**RECORDS FOR THIS EXERCISE**
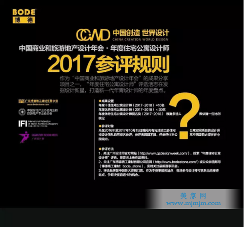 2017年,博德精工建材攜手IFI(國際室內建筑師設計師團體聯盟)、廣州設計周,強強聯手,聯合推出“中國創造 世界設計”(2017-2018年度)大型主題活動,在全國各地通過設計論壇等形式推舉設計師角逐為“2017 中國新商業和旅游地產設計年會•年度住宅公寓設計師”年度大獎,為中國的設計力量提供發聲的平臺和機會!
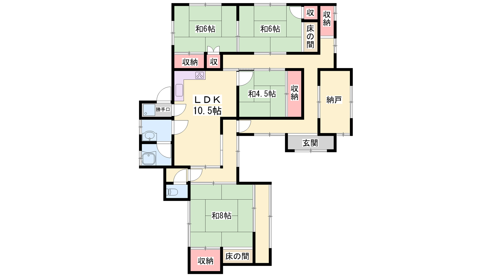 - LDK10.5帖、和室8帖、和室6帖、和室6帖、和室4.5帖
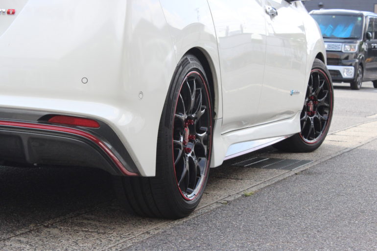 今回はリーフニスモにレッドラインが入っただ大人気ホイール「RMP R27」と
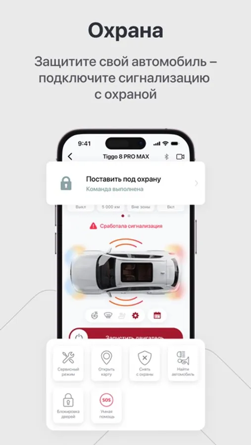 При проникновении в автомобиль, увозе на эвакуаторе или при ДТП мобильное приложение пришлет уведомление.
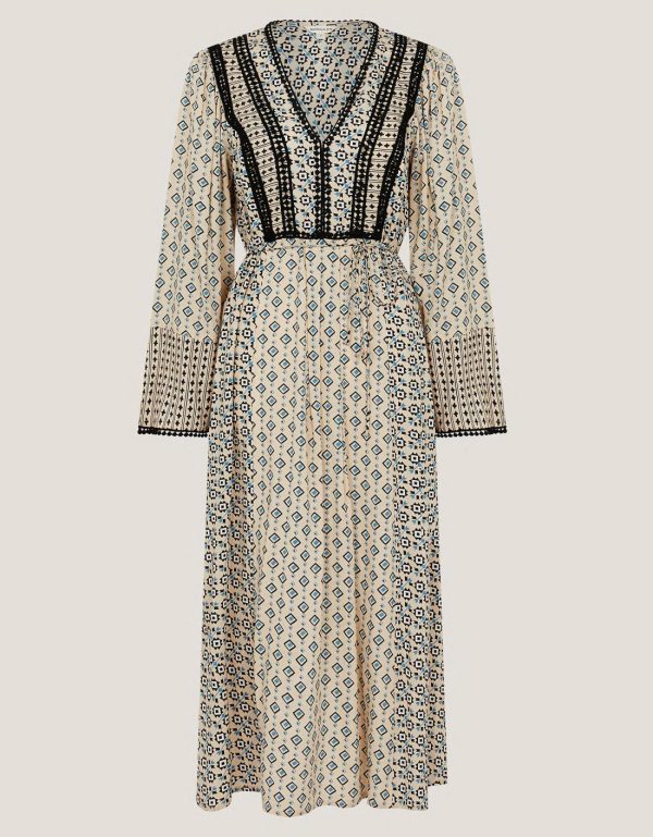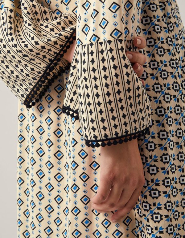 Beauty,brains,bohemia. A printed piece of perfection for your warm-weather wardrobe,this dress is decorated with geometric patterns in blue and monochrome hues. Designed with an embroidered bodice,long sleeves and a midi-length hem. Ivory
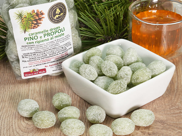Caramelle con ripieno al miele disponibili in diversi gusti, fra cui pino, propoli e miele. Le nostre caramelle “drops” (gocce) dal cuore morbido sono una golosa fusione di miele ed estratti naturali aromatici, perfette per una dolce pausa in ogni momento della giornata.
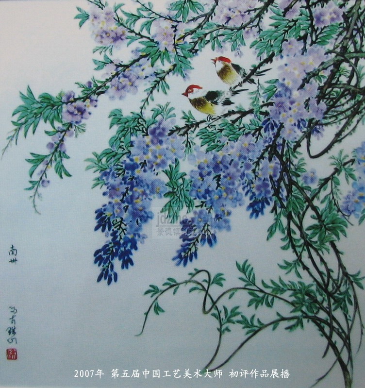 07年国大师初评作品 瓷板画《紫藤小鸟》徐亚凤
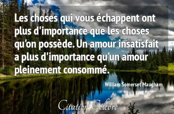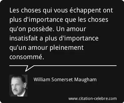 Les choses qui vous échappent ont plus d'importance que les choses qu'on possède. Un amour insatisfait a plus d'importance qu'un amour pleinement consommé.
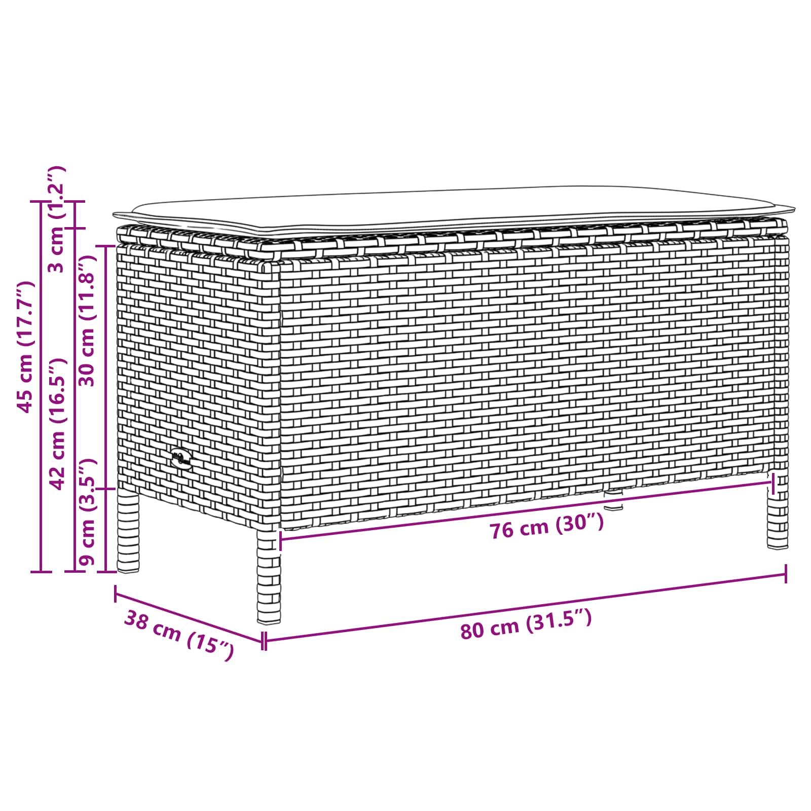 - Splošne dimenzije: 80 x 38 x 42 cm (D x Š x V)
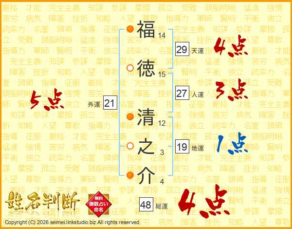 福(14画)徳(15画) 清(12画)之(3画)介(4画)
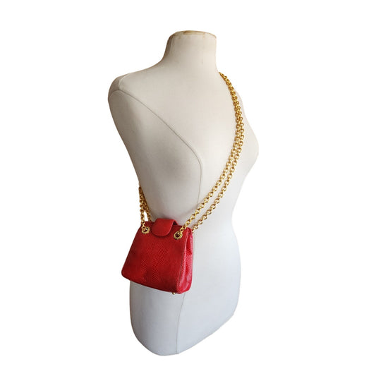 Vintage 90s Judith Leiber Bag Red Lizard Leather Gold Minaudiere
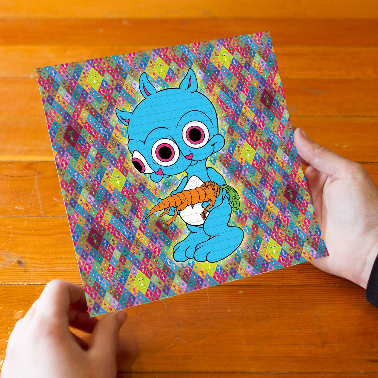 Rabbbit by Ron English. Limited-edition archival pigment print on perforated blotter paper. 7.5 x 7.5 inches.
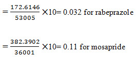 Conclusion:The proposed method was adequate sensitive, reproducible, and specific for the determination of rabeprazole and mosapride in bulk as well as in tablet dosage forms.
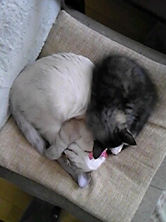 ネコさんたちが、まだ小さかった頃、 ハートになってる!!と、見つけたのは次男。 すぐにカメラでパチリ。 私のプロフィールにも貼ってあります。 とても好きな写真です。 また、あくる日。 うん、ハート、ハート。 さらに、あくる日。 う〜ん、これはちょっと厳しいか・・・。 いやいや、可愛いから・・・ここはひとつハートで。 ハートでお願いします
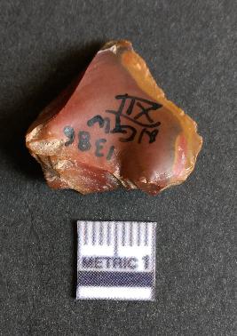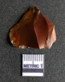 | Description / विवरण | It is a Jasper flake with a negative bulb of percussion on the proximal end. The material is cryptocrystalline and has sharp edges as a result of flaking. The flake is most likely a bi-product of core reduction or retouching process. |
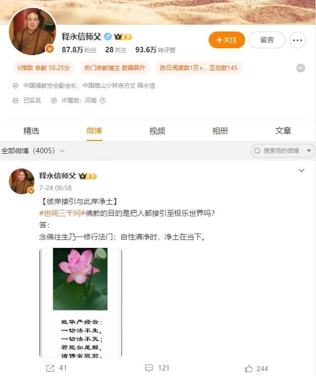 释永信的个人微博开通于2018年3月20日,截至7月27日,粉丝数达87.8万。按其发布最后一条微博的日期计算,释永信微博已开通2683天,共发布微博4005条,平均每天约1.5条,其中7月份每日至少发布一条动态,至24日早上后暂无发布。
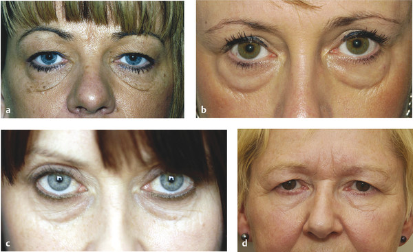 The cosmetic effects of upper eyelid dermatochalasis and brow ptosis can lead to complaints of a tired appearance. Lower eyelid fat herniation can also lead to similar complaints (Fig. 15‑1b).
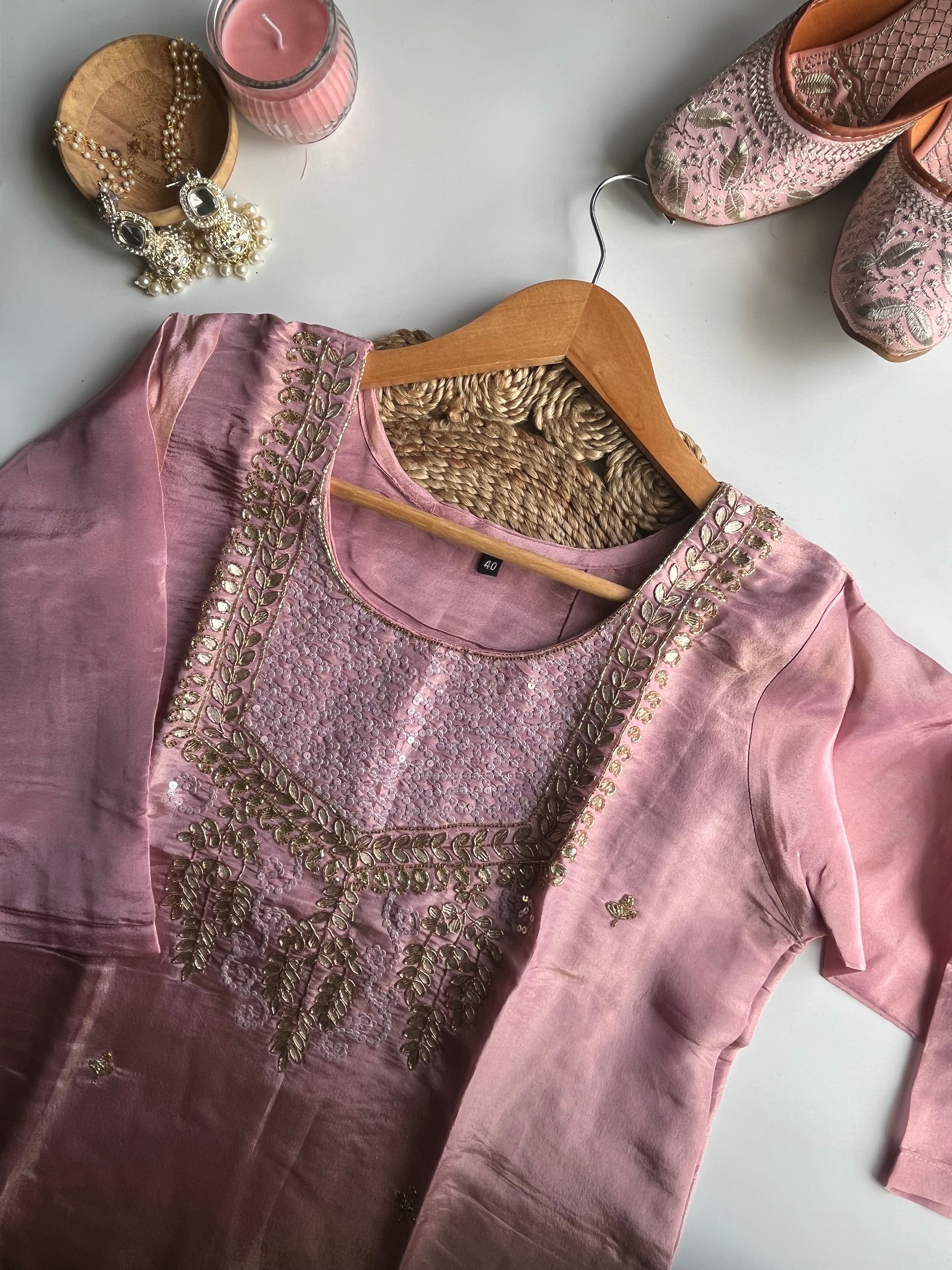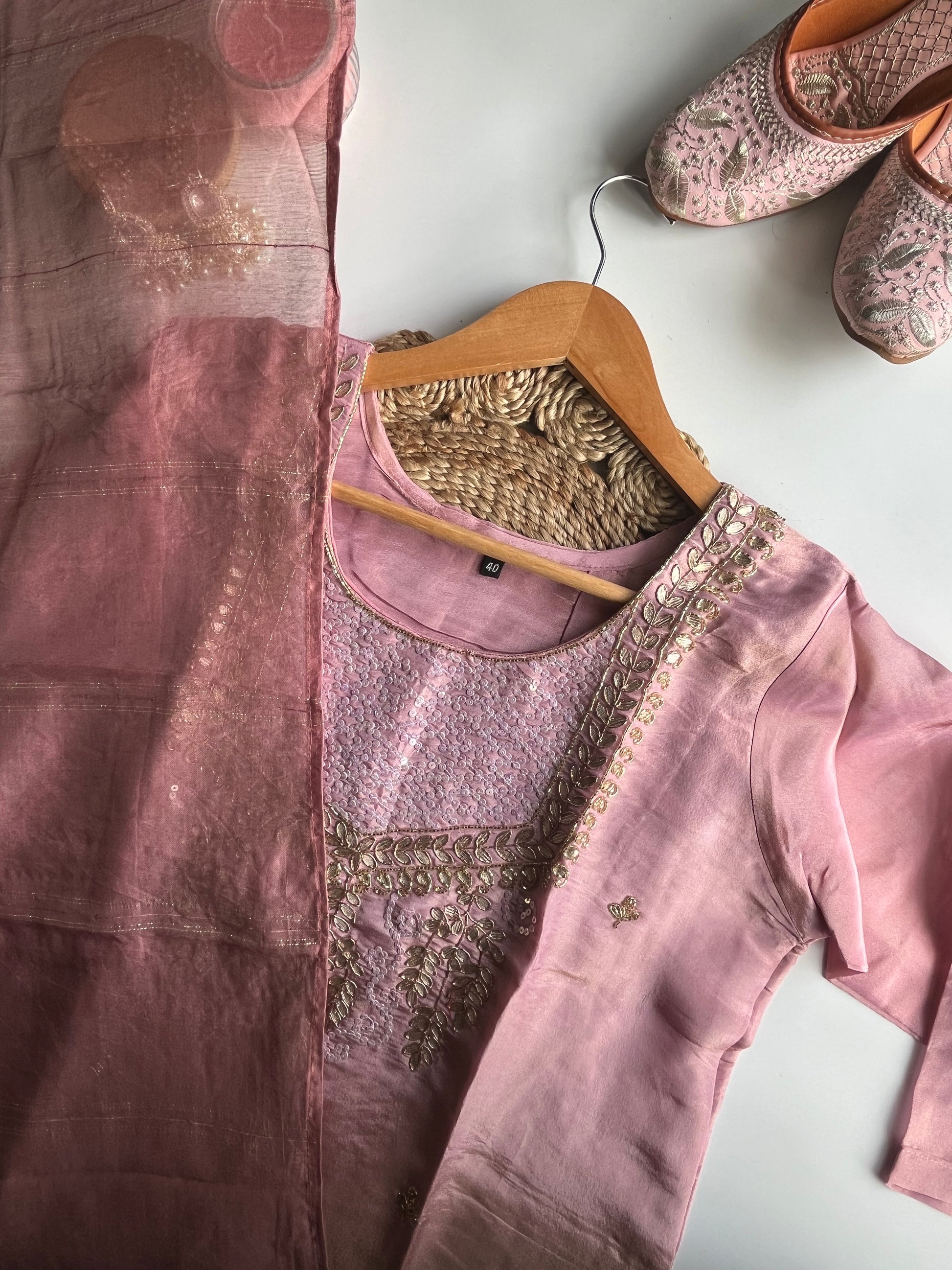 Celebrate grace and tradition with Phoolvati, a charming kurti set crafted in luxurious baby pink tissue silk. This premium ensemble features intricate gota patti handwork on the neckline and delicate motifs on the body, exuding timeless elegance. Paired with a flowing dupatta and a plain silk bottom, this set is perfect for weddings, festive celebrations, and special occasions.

**WHAT THE EXERCISE ASKS**
Nothing but the lines from the line containing "Les choses qui" through the end of the data, both ends included, is to be reproduced, exactly as written and without the pictures.

**RESULT OF THE EXERCISE**
 Les choses qui vous échappent ont plus d'importance que les choses qu'on possède. Un amour insatisfait a plus d'importance qu'un amour pleinement consommé.
 - Splošne dimenzije: 80 x 38 x 42 cm (D x Š x V)
 福(14画)徳(15画) 清(12画)之(3画)介(4画)
 Vintage 90s Judith Leiber Bag Red Lizard Leather Gold Minaudiere
 Rabbbit by Ron English. Limited-edition archival pigment print on perforated blotter paper. 7.5 x 7.5 inches.
 Conclusion:The proposed method was adequate sensitive, reproducible, and specific for the determination of rabeprazole and mosapride in bulk as well as in tablet dosage forms.
 ネコさんたちが、まだ小さかった頃、 ハートになってる!!と、見つけたのは次男。 すぐにカメラでパチリ。 私のプロフィールにも貼ってあります。 とても好きな写真です。 また、あくる日。 うん、ハート、ハート。 さらに、あくる日。 う〜ん、これはちょっと厳しいか・・・。 いやいや、可愛いから・・・ここはひとつハートで。 ハートでお願いします
 | Description / विवरण | It is a Jasper flake with a negative bulb of percussion on the proximal end. The material is cryptocrystalline and has sharp edges as a result of flaking. The flake is most likely a bi-product of core reduction or retouching process. |
 释永信的个人微博开通于2018年3月20日,截至7月27日,粉丝数达87.8万。按其发布最后一条微博的日期计算,释永信微博已开通2683天,共发布微博4005条,平均每天约1.5条,其中7月份每日至少发布一条动态,至24日早上后暂无发布。
 The cosmetic effects of upper eyelid dermatochalasis and brow ptosis can lead to complaints of a tired appearance. Lower eyelid fat herniation can also lead to similar complaints (Fig. 15‑1b).
 Celebrate grace and tradition with Phoolvati, a charming kurti set crafted in luxurious baby pink tissue silk. This premium ensemble features intricate gota patti handwork on the neckline and delicate motifs on the body, exuding timeless elegance. Paired with a flowing dupatta and a plain silk bottom, this set is perfect for weddings, festive celebrations, and special occasions.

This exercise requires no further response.